The local homes market is "rebalancing itself," said Marshall Prentice, president of DataQuick Information Systems, which published the report.

"What we're seeing is stable core demand and a decline in speculative and discretionary buying. These trends should continue through the summer buying season. There is uncertainty about the market after that, tied to broader economic trends," Prentice said.

A total of 9,064 new and resale houses and condos sold last month in the nine-county region, up 8.4 percent from April and down 19.8 percent from a year earlier, according to DataQuick, a La Jolla, California-based real estate information service.

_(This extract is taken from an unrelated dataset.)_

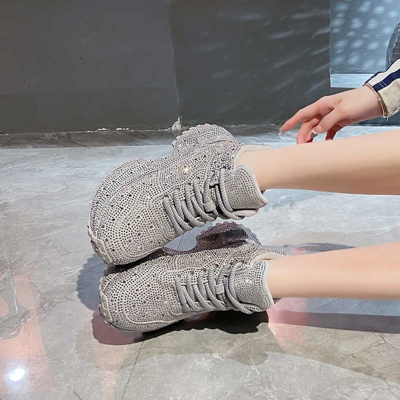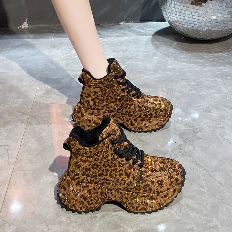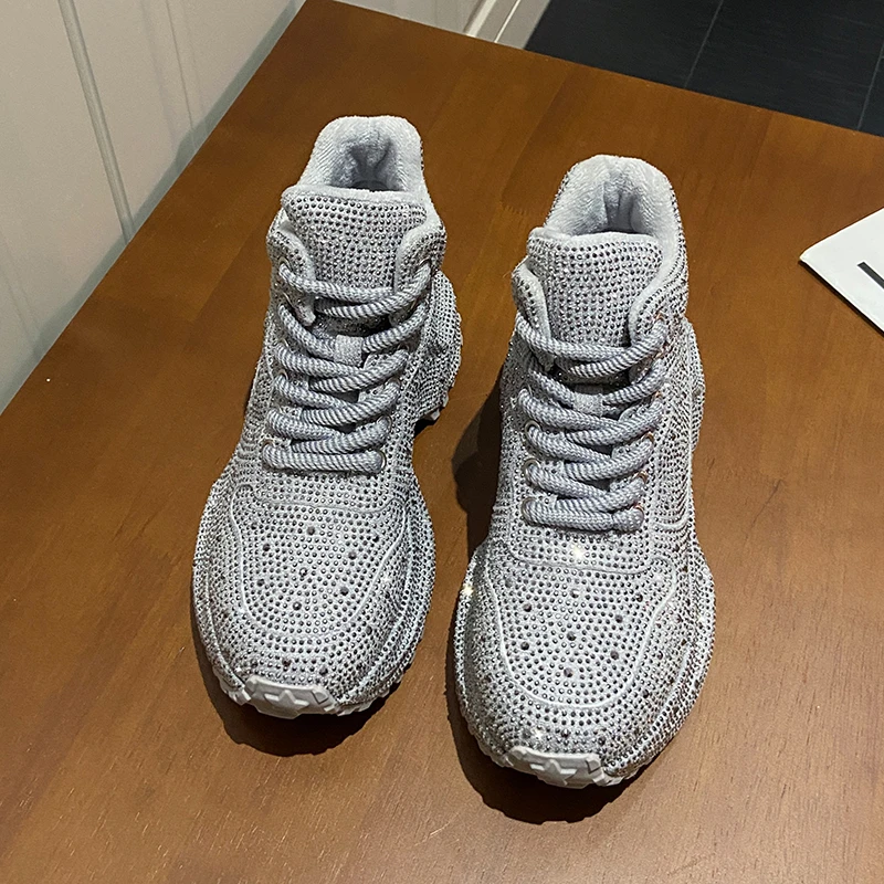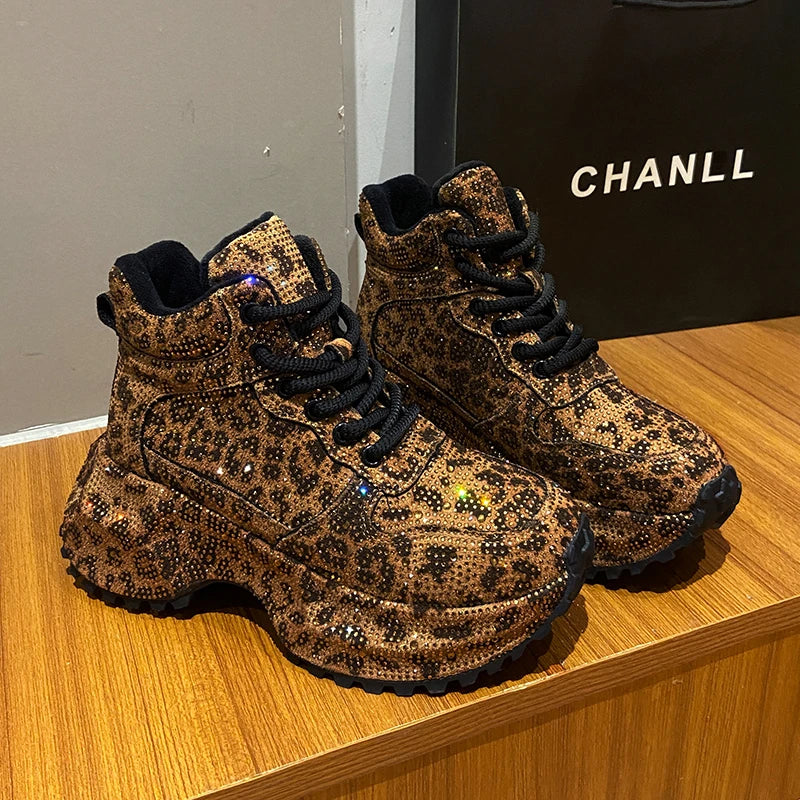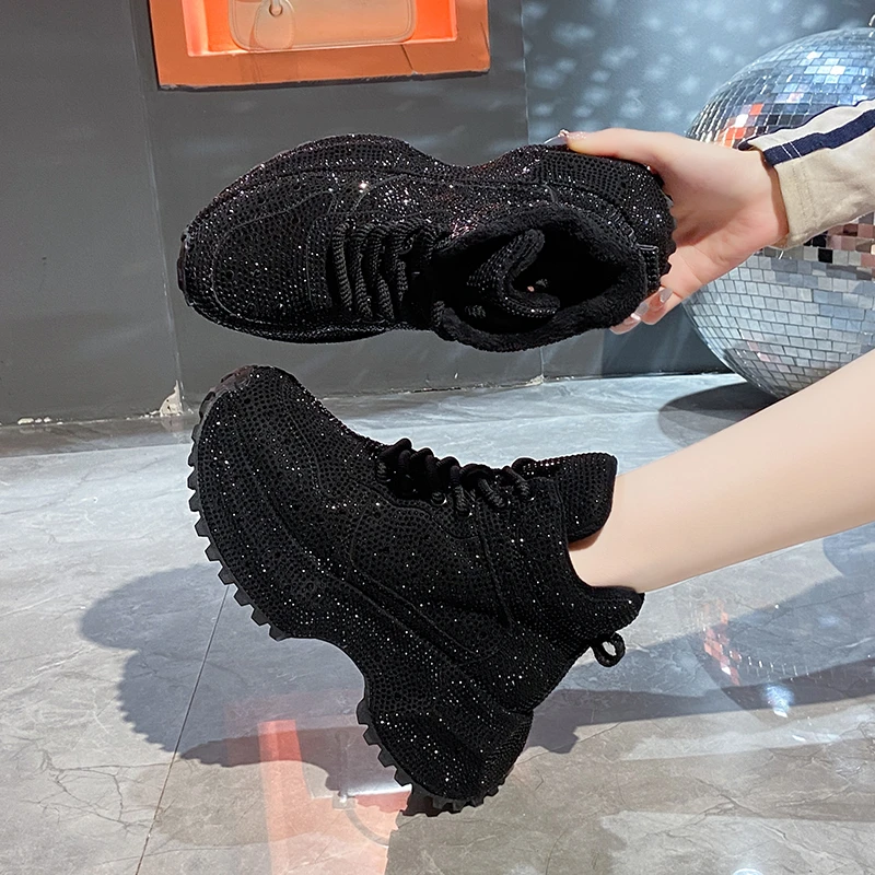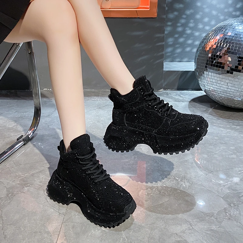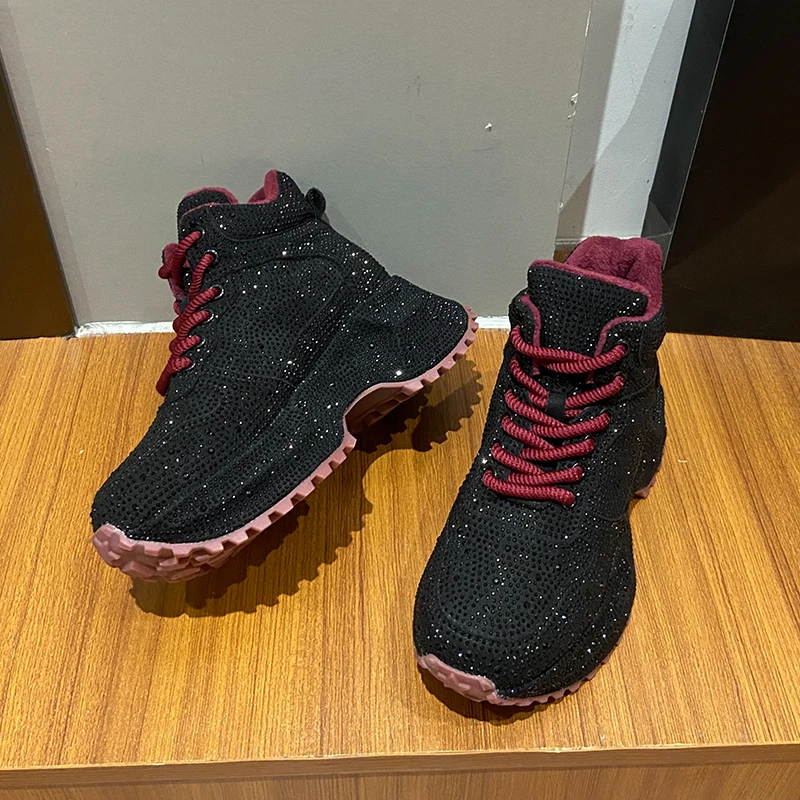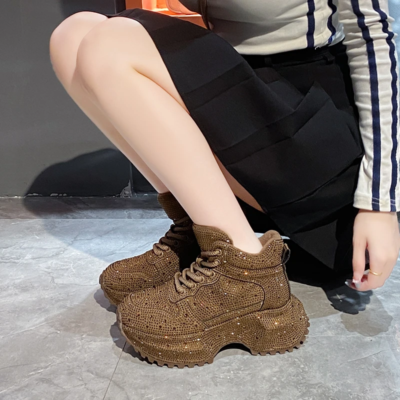 7CM Winter Women Shiny Rhinestones Shoes Casual Plush High Top Sneakers Women Stylish Sport Shoes Lace-Up Platform Luxury sneakers_platform

It noted last month was the slowest May for home sales in the San Francisco Bay area since 2001, reflecting how many prospective home buyers are being sidelined by the combined effect of high home prices, more expensive mortgages and stubborn sellers.

"As interest rates have gone up homes have become less affordable, and we're at a point where people are not yet willing to cut asking prices, so there are fewer sales going on," said Cynthia Kroll, a senior regional economist with the University of California, Berkeley's Fisher Center for Real Estate and Urban Economics.

The median price paid for a home last month in the San Francisco Bay area rose to a record $631,000, marking a 0.5 percent increase from April.

Last month's median home price was up 6.1 percent from a year earlier, marking the third consecutive month the region has posted single-digit year-over-year price gains and the slowest such rate of increase for any month in three years.

The UCLA Anderson Forecast said Wednesday that California's economy will experience slower growth through 2008 as its housing market runs out of steam. The economic forecasting unit said the state may lose up to 10 percent of its construction jobs and many home financing jobs.